He flies from Chicago in his jet to Dulles. He has a driver waiting. He gets in the car because he’s never seen my house. He wants to see my house. He drives 30 minutes to my house in Vienna. He sees Jenny, the kids and my house. He hangs out. We have a glass of wine. His driver is waiting. We get back in. My friend is very rich. There are levels of rich where I’m like, “I feel poor.”

We get to Dulles. It’s the same. We zoom right through and get right on the plane. I didn’t even pack anything. I’m in a shirt and jeans. He’s like, “We’re going to Philly.” I’m like, “Why Philly? What are we going to do there?” He’s like, “I’ve never been to Philly and I want to see the Rocky Statue.” I’m like, “That’s why we’re going to Philly?” He’s like, “Yeah. There are some good restaurants.” We fly, drank a bunch on the way there and land. He’s got two pilots. He knows these guys and he’s like, “Go get me my buddy some Philly steaks.” They’re like, “What kind? Pat’s is popular and so is Gino’s.” He’s like, “You go to Pat’s and Gino’s. Get us a bunch of them.”

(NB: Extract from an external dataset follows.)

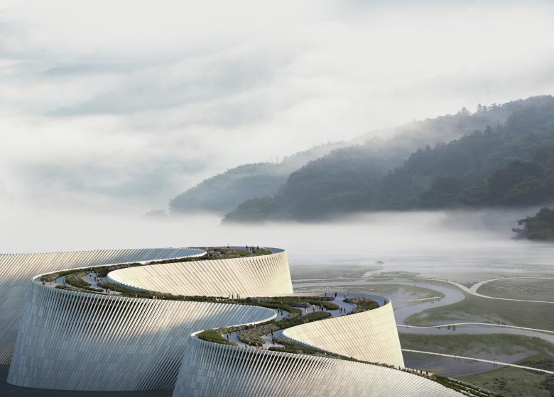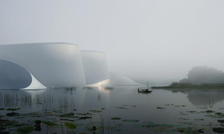 The winning design scheme, entitled “Delta”, rises seamlessly from the river delta, inviting visitors and residents to journey along its accessible green rooftop.
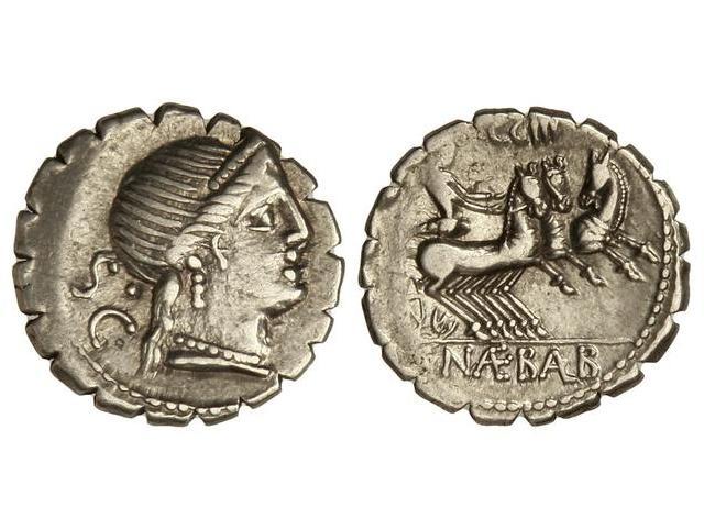 Denario. - 79 a.C. - NAEVIA-6. - C. Naevius Balbus. - Rev.: Victoria en triga a derecha encima número. En exergo: C. NAE. BALB. 3,90 grs. Cal-1041; FFC-937. MBC+/MBC. - -

The only thing you can do during challenging business situations is to be real. Try not to put up a shield and be corporate. Click To Tweet

We take a car, have dinner, see the Rocky Statue, take pictures, come back and two dozen Philly steaks are waiting for us. These guys have gone and got our Philly steaks. We flew back. I left my house, Frankie, at 5:30 PM to go to the airport. I was in bed at 12:00 AM. We had an incredible dinner. I’d come home with all these cheesesteaks to give my kids. I was up at 7:00 AM like it was nothing. That side of the world that flies private, it’s amazing what is available to that elite group of people that can do it. I would travel a lot more if I didn’t have to deal with airports and the way they treat you in airports. Compared to that experience, I’d be on a plane all the freaking time.

It’s a completely different experience. The best thing I can summarize it with is what they said in The Snowball, the Warren Buffett book. Warren Buffett asks somebody, “How do you justify having an airplane?” He goes, “Warren, you don’t justify it. You rationalize it.”

Especially a guy like that who’s got businesses all over the world. The amount of time that would save someone like him getting around is incredible. You go through this miserable travel experience that you’re dealing with. You come back and got a key executive who’s out. I’m still trying to unpack your voicemail. You are the owner of a company. Let’s talk about laying off ten people. What’s going on in your business that precipitated making that move in the first place?

I was asleep by 9:15 PM on New Year’s Eve. Ellie was like, “Can you stay up until 10:00 PM?” I’m like, “Yes.” Out cold. The next day, I wake up and good friends of ours come over. I make a cioppino and it was delicious. It didn’t help me with the weight. We had eight bottles of wine. I’m pushing the weight limit even further but the holidays are a lot of fun.

Reality sets in. Private plane and New Year are over. It’s ice-cold in January of 2022. I’m fat again. I got to lose the same 15 pounds that I’ve been losing for the last decades. The reality of it is I kick the can down the road on some people because I want to get through the holidays. It’s come up and it’s time to get serious about what we’re doing. The plan with the staffing changes was something that I knew about. I’ve been thinking about it for a significant time.

It’s a nonsense move to lay off a bunch of people before Thanksgiving or Christmas unless you’re a big heartless company but that’s not something a small company is typically going to do.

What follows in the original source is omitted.